──────── Task inputs

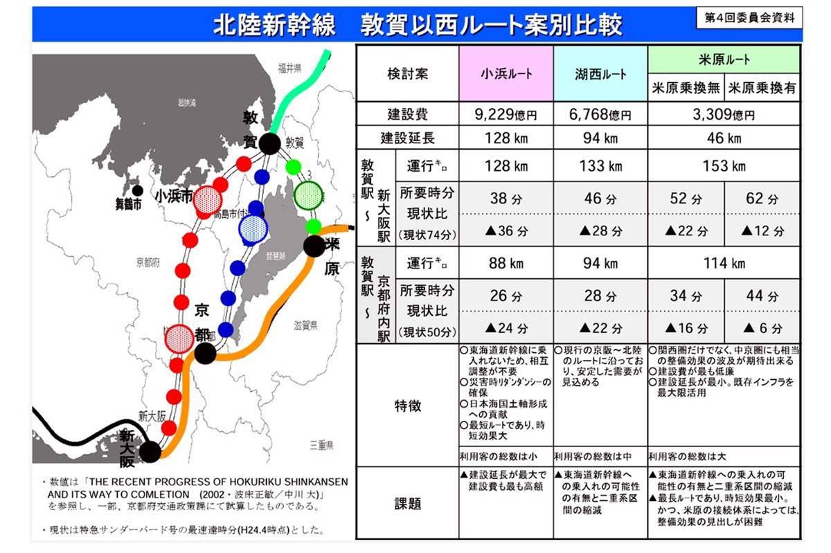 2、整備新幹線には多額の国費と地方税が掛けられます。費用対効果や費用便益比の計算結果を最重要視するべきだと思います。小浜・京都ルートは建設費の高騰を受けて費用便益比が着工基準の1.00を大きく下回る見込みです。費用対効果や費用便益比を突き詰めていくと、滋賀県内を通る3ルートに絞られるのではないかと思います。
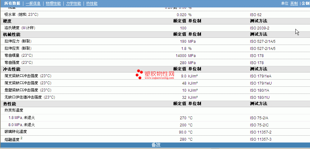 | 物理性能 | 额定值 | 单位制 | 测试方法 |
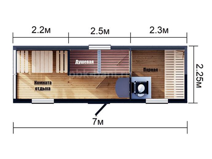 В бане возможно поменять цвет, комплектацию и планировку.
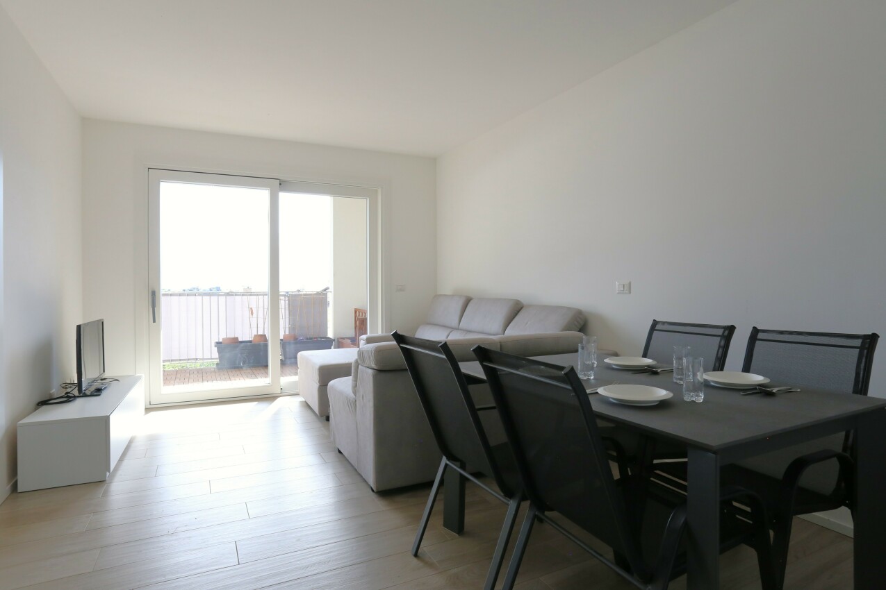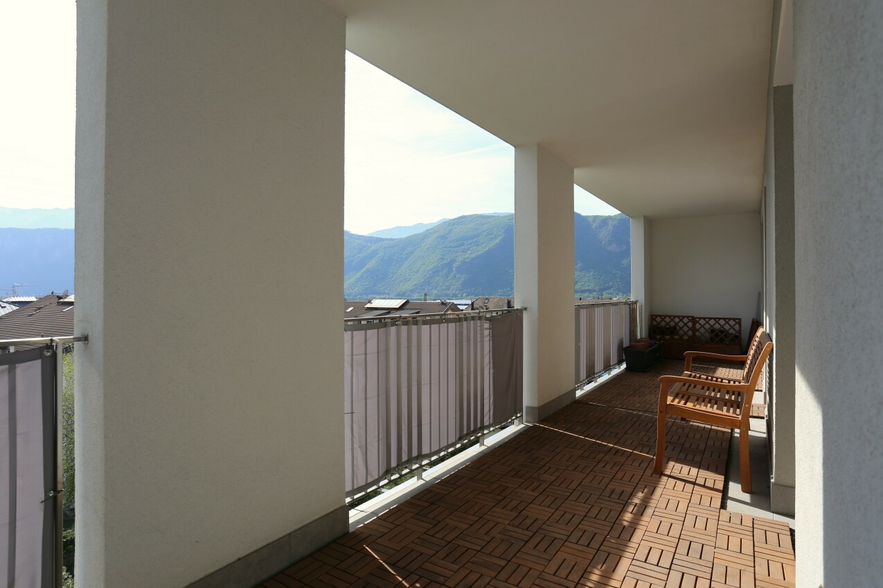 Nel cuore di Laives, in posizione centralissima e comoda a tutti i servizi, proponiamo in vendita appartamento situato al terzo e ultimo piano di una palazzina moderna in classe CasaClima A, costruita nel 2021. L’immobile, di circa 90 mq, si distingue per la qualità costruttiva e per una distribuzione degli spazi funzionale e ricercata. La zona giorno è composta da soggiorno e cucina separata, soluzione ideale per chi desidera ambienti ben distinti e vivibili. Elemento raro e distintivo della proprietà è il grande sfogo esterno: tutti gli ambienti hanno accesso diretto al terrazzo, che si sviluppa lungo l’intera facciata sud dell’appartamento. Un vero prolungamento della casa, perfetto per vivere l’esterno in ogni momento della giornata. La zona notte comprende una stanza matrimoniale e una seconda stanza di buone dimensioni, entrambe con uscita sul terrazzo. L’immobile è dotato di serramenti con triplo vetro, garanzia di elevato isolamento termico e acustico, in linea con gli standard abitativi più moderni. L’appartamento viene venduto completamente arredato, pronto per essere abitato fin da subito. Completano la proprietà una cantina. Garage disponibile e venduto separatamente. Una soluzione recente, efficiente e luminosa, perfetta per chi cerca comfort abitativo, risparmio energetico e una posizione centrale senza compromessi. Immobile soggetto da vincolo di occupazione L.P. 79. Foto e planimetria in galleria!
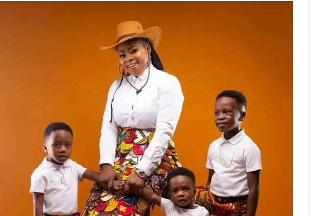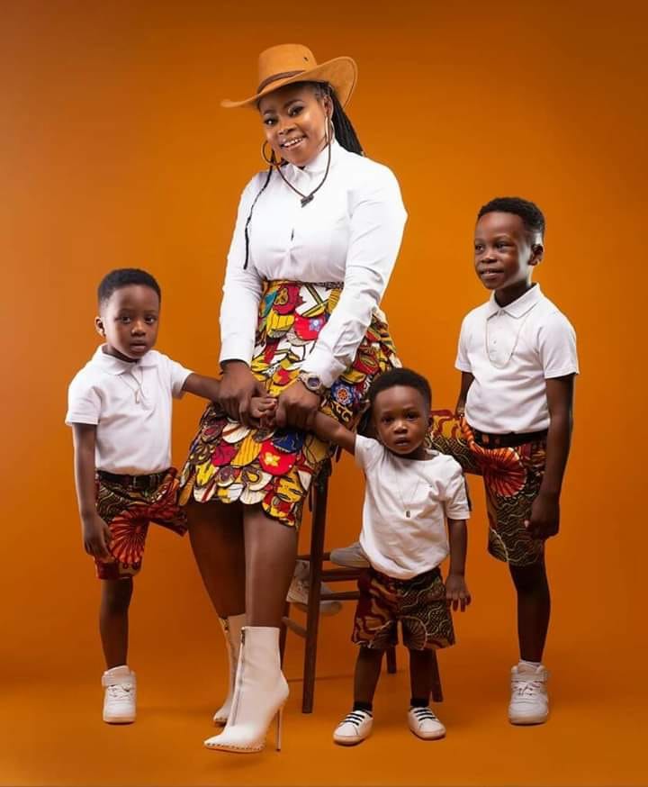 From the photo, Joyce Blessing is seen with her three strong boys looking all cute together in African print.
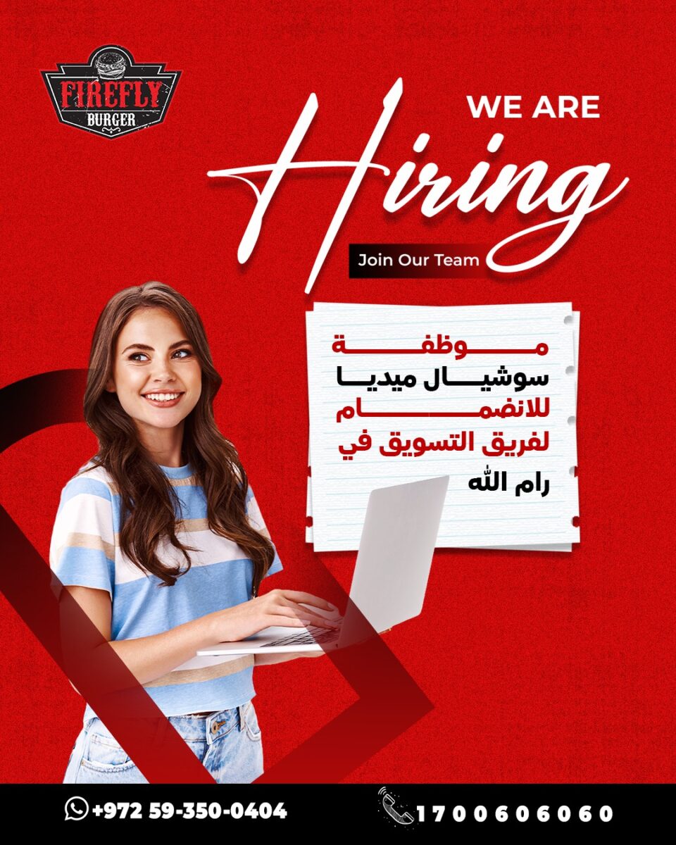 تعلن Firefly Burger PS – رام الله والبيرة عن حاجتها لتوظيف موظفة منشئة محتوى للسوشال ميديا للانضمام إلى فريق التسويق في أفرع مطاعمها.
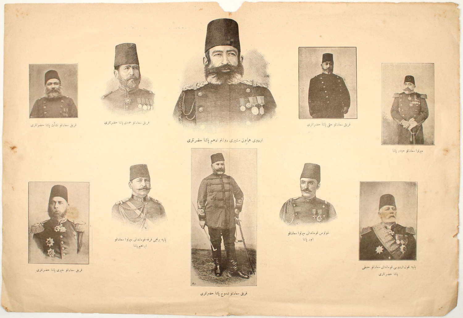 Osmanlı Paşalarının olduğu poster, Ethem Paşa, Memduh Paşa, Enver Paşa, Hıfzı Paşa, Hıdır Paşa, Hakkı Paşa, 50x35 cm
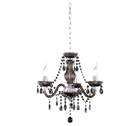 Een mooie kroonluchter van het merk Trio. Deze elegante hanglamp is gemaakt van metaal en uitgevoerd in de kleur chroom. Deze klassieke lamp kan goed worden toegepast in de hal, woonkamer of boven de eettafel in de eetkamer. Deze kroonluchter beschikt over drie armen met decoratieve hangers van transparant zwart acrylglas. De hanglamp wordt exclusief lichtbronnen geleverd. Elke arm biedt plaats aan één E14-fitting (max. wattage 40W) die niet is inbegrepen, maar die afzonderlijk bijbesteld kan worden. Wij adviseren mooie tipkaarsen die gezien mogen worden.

────────────────

* **Exercise aim**:
Pictures stay out. Repeat only the lines from the beginning of the data through the line that has "В бане возможно".

* **Written response**:
 2、整備新幹線には多額の国費と地方税が掛けられます。費用対効果や費用便益比の計算結果を最重要視するべきだと思います。小浜・京都ルートは建設費の高騰を受けて費用便益比が着工基準の1.00を大きく下回る見込みです。費用対効果や費用便益比を突き詰めていくと、滋賀県内を通る3ルートに絞られるのではないかと思います。
 | 物理性能 | 额定值 | 单位制 | 测试方法 |
 В бане возможно поменять цвет, комплектацию и планировку.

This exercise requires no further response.